Connecting metrics to business outcomes
Kanban metrics only matter if they connect to something a business cares about. The business implications break down across four areas:
- Value delivery: Every day a feature sits undelivered is a day it isn’t generating revenue or solving a customer problem. Cutting the average lead time from 15 days to eight doubles the pace at which value reaches customers.
- Customer satisfaction: Customers don’t experience WIP counts or flow efficiency percentages; instead, they experience whether we delivered what we said we would, when we said we would. A team consistently hitting its SLE builds reliability.
- Cost of delay: Every item waiting in the system has an economic cost. A pricing change that recovers $50,000 per month costs $12,500 per week it stays unshipped. Aging WIP and queue length metrics make that visible before it compounds.
- Strategic planning: Throughput and predictability data answer questions like how many initiatives we can run in parallel, which team is the bottleneck, and where the constraint moves if we add capacity.
Continuous improvement is facilitated by analyzing Kanban metrics over time, and effective use of these metrics can enhance customer satisfaction by ensuring the timely delivery of quality products.

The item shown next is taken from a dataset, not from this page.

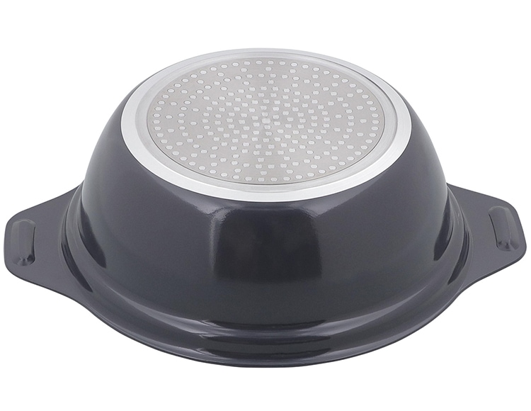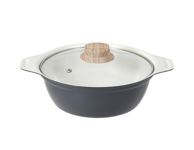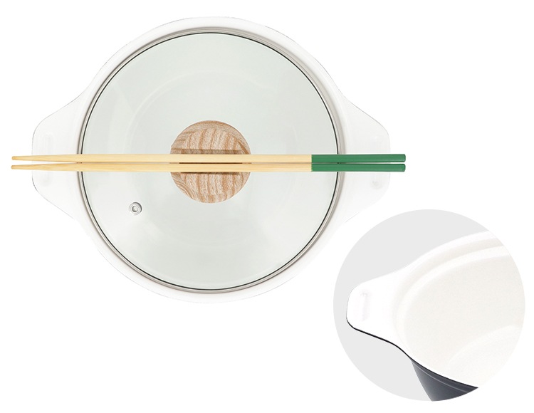 | 材質 | 表面加工/内面:セラミック塗膜加工 外面:(底面を除く)焼付け塗装 本体:アルミニウム合金(底の厚さ:2.4mm ※はり底を含む) はり底:ステンレス鋼(クロム16%) ガラス蓋:強化ガラス(全面物理強化)縁:ステンレス鋼 つまみ:フェノール樹脂 座板フェノール樹脂 |
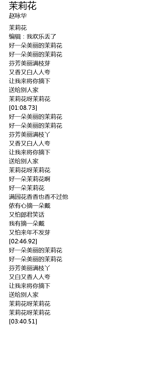 | [01:42.68] | 茉莉花呀茉莉花 |

Improve projects with Kanban metrics in Wrike
Kanban metrics shift the conversation from how busy we are to how well work actually flows. Cycle time, lead time, throughput, WIP limits, flow efficiency, and delivery predictability each reveal a different part of the same system, giving teams the transparency to see what’s happening and the data to act on it.
Wrike’s Kanban boards, dashboards, reports, and automation handle data collection and surfacing, but the harder part is building the discipline to regularly review the numbers and act on what they show. Teams that do that consistently deliver more predictably, build more trust, and spend less time firefighting their processes.